The pink-chalk late winter sunrise peeked through the trees beyond my office window as I played out a chapter of my literary life’s version of “all good things come to an end.” Behind me stood a tower of storage containers. I’d begun packing up ten years of research that went into my novel The River by Starlight, more than eighty books, clippings from thirty newspapers across fifty years, maps, photos, antique curios, and a tub of over a hundred pencils from dozens of libraries and archives visited. How I loved every minute of that research. Many writers talk of “going down the rabbit hole,” warning of its distractions and frittered time, but it was never that to me. The hunt for one more fact or one more insight was always exhilarating. The rabbit hole led to a fuller picture of the story I was trying to tell. It brimmed with wonder and delight.
As I closed up those boxes, the chalky dawn triggered the memory of a passage from my book that had met with the Delete button during revision.
The house’s backyard is a patch of dirt packed hard as rock. Annie decides it would take a stick of dynamite to break ground for a garden. Instead she buys a few sticks of chalk to make hopscotch squares for the girls.
Hipscotch, hopscotch, hip-hip-hooray…
Templehupfen, her mother called the game. Trampled-house-pen? Annie’s young tongue twisted the foreign sounds helplessly. Ma glared, rolled her eyes. The last square, she explained as if talking to an imbecile, is the safe square—the temple. You want to get to the temple because you want to be safe.

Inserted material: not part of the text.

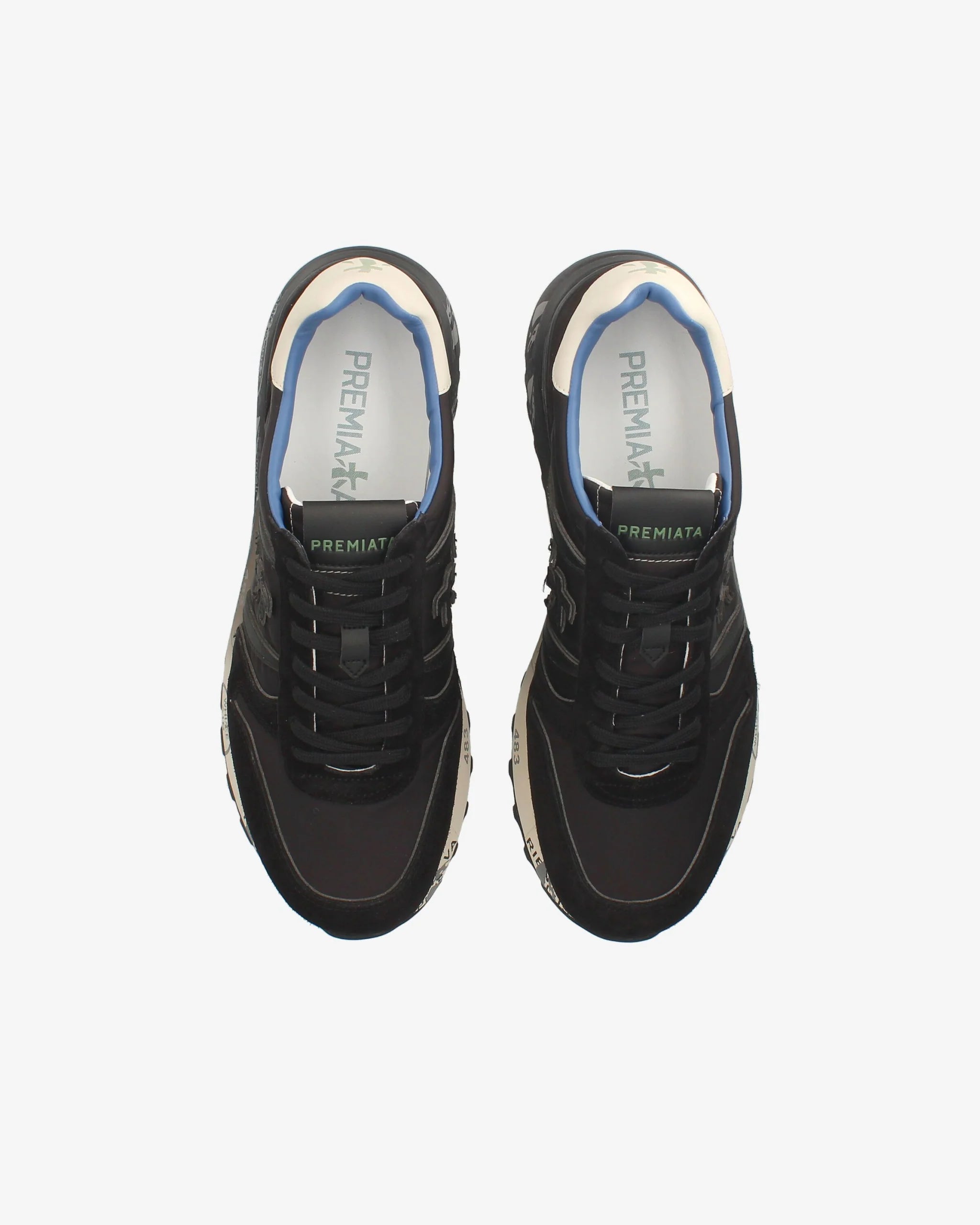 Sneakers Lander in pellame morbido scamosciato e nylon nella tonalità del nero. Il look è arricchito dall’inconfondibile logo Premiata e dai dettagli colorati sulla suola. Suola ergonomica e super leggera.

Amanda’s fear of the Lord pervaded even a child’s jumping game.
I’d forgotten that bit of research about children’s games in 19th century Europe. But I smiled because my writer’s fascination with the obscure comes as easily as … child’s play.
Several years later, I’m still sifting through piles of files because I’m constantly stopping to admire some long-forgotten tidbit I’d saved. Peeks at the past with headlines like “Beer Causes Insanity” and “The Canned Green Pea Bomb” were just too choice to toss.
So I launched an occasional series on my blog called Horse Sense and Nonsense from the Rabbit Hole. “Shut Your Ashpan” originally appeared as filler in a Minnesota newspaper in 1909. I knew the phrase to be a railroad fire prevention instruction. But as a metaphor-loving wordmeister, I also knew the piece would sport a sharp elbow of opinion.
And indeed, across the eleven decades since, up to our lamentably uncivil present-day public discourse, train buffs, and etymology lovers alike might agree that “Shut your ashpan” is advice for the ages.
That irresistible rabbit hole—an infinite trove of timeless relevance, and always time well spent.
SHUT YOUR ASHPAN
Pine Island Record, April 1909
On almost every railroad the old sign, “Shut Your Ashpan,” occasionally has puzzled the traveler who sees it flash past the window and does not understand its meaning: yet it is very simple, indeed, and the motto might well be adopted as a daily maxim by a good many of us who are prone to hasty speech . . . “Shut your ashpan” signifies that a train is nearing a wooden bridge and warns the fireman to take precaution against live coals setting it on fire. There are occasions in daily life that closely compare with the wooden bridge. Words of almost any kind are sparks to tinder in some situations, and every time that happens the man who keeps still has all the advantage over the man who is quick with the retort. It would reduce friction a whole lot and make life a great deal happier if the average citizen would learn to recognize the danger signals in such instances and practice the railroad advice, “Shut your ashpan.”